4対4のミニゲームが始まると、「こっちこっち」「行くよ!」「やったー!」など、子どもたちの口から自然と仲間を呼ぶ掛け声が飛び出すようになった。普段から「子供たちに必要なのは、厳しい指導ではなく、楽しむことと考えること」と考える渡邉氏が願う通りの成長を見せた子どもたち。この様子を頼もしそうに見守ったのが、「川南ドルフィンズ」の遠藤コーチだ。
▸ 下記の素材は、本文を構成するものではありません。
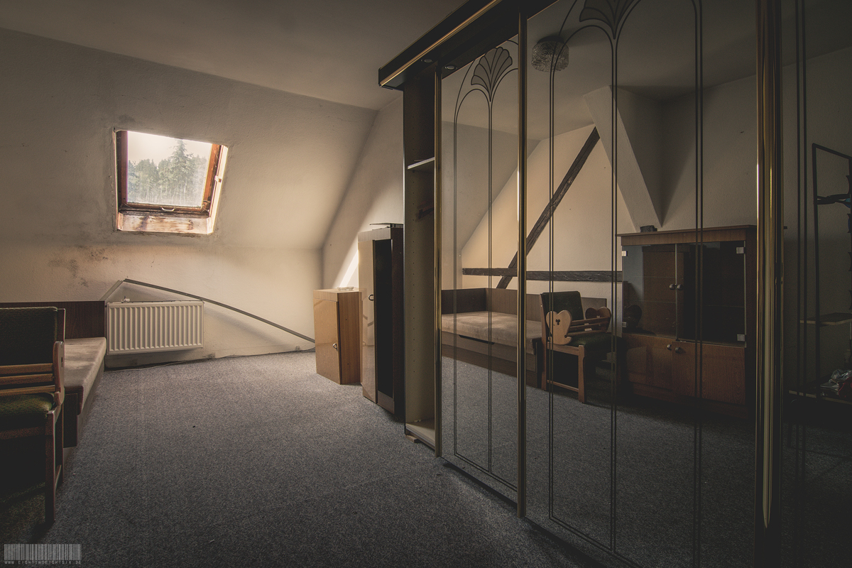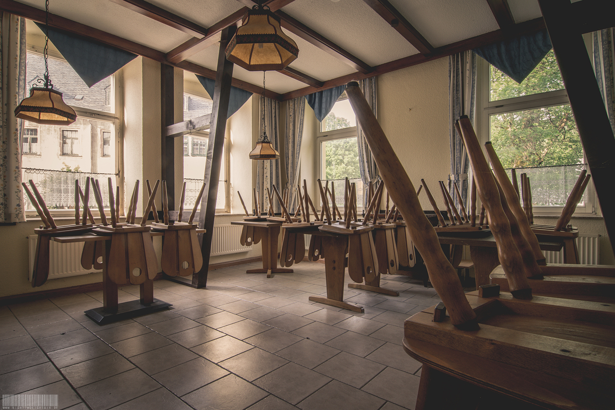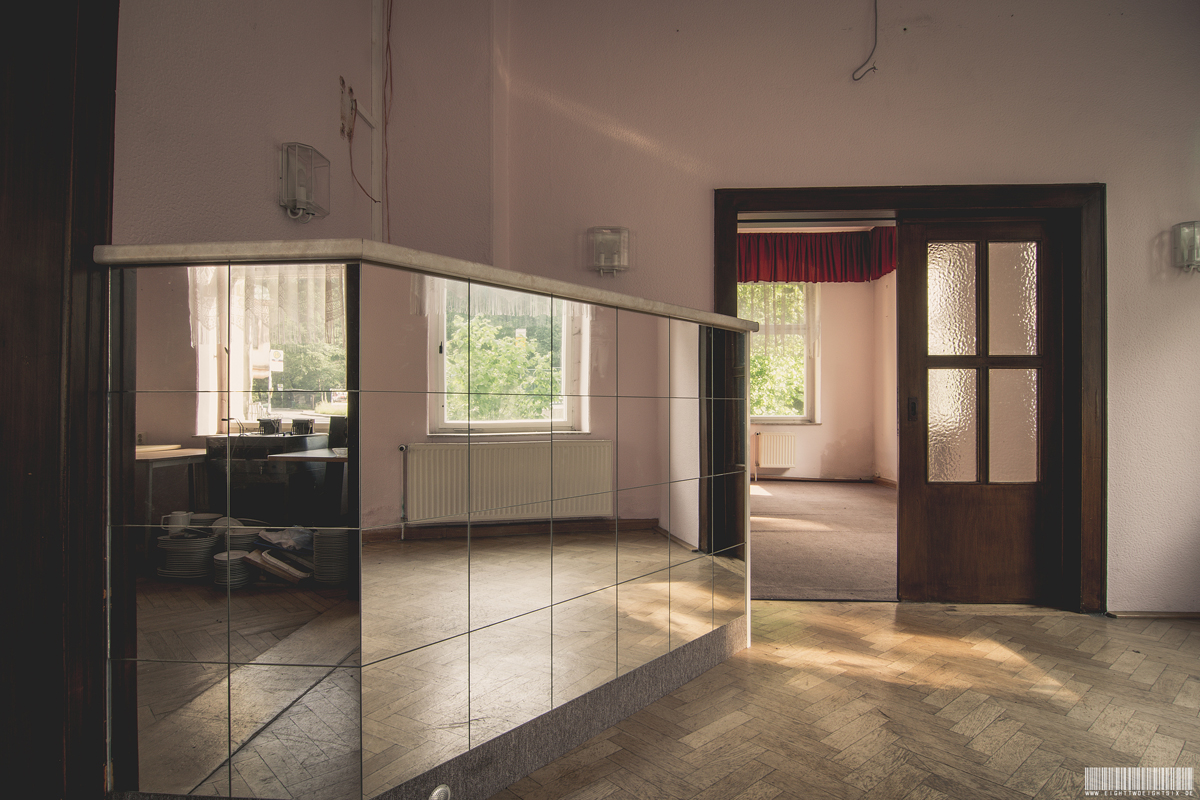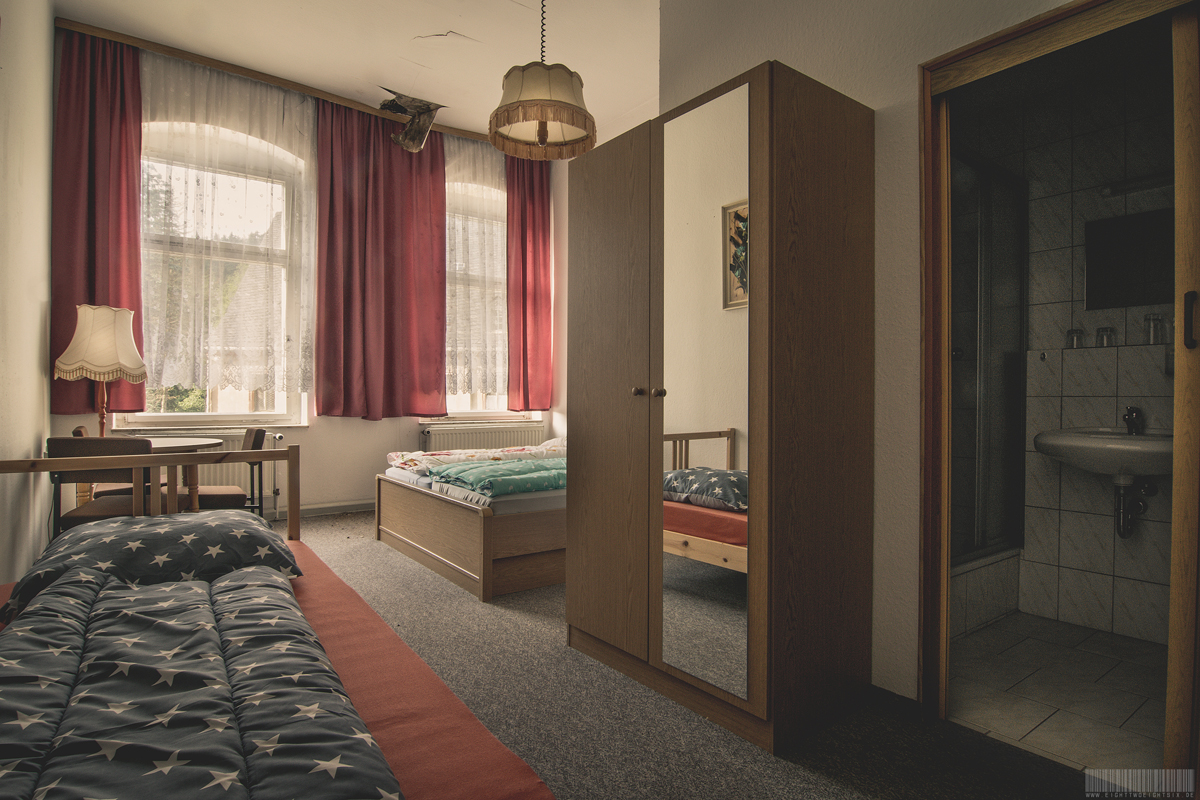 Der Sächsische Hof ist ein verlassenes Hotel mit Gaststätte und wurde vermutlich erst vor wenigen Jahren geschlossen. Dadurch ist dieser Lost Place nahezu unberührt. Das wird sich jedoch bald ändern, denn die ersten Löcher im Dach waren schon zu sehen und die Nässe und der Schimmel drangen bereits in vereinzelte Räume ein. Im Erdgeschoss befindet sich die leerstehende Gaststätte mit einem separaten Tanzraum mit DJ-Pult sowie einer zweiten Bar. Außerdem befinden sich die Rezeption und der Küchenbereich im Erdgeschoss. Im 1. und 2. Obergeschoss waren sehr viele Gästezimmer. Grob geschätzt sicher 30 Schlafräume mit Nasszelle. Im Dachgeschoss war zudem eine Wohnung mit großzügigem Badezimmer und einem Billardtisch.

コロナ禍もあり、4月から4か月間の活動自粛を強いられた。子どもたちは外で遊ぶこともできず、バスケットボールへの思いを募らせた。活動再開後も3密を避けるために、男女別のスケジュールで練習を実施。全員が集合したのは、この日が実に3月以来、初だった。「川南ドルフィンズ」では、バスケットボールを通じて子どもたちが考える力を身につけたり、他人への挨拶や礼儀など人として大切なものを学んでほしいと願っている。その中で、子どもたちが夢や目標に向かって頑張る大切さを知ってほしいと、「東北『夢』応援プログラム」に参加することになった。
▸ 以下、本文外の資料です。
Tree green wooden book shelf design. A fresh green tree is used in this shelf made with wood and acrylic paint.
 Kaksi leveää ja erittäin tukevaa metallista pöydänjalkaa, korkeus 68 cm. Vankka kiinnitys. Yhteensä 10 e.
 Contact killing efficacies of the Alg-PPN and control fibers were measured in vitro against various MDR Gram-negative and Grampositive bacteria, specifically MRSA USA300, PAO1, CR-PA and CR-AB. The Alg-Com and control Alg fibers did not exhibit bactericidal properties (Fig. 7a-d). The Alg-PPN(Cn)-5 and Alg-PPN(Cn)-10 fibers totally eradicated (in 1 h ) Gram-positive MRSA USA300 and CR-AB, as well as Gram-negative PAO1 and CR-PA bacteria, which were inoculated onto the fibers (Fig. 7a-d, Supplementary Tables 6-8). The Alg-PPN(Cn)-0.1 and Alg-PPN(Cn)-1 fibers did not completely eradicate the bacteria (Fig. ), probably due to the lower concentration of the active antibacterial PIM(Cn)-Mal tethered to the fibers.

渡邉氏「サポートしてくれる人に感謝しながら、普段の生活からポジティブに」
「東北『夢』応援プログラム」は、公益財団法人東日本大震災復興支援財団が立ち上げた、年間を通して子供たちの夢や目標を応援するプログラムだ。「夢応援マイスター」を務めるアスリートや元アスリートが、参加する子供たちがそれぞれに掲げる半年後、あるいは1年後の目標に向かって、遠隔指導ツールでサポート。1日限りのイベントで子供たちとの交流を終えるのではなく、離れた場所でも動画やSNSを通じて継続したプライベートレッスンが受けられるという画期的な試みだ。
楽しい時間ほど、あっという間に過ぎてしまう。クリニックを終えると、遠隔指導に参加する10人の子どもたちが夢達成ノートに「わたしの将来の夢」「未来のわたしの町をどうしたい?」「半年後の約束」を記入し、渡邉氏の前で元気に発表した。「将来の夢」として「プロバスケット選手」をあげたのは1人だったが、「学校の先生」「人の役に立てる人」「美容師」「科学者」など、それぞれ未来に向かって大きな夢を膨らませた。同時に「半年後の約束」に掲げたのは、「ドリブルを強くしたい」「たくさん試合に出て優勝すること」「足を動かして緩急をつけたプレーをすること」など具体的な目標ばかり。渡邉氏は、目標を立て、それに向かって努力する大切さに触れ、子どもたちに「お父さんやお母さん、コーチなどサポートしてくれる人に感謝しながら、普段の生活からポジティブに楽しみながら半年頑張りましょう!」とエールを送った。
半年という短い期間ではあるが、ここから遠隔指導ツールを通じた渡邉氏と子どもたちの交流が始まる。来年3月の成果発表を迎える頃には、福島という土地が繋いだ縁は太く確かなものとなっているだろう。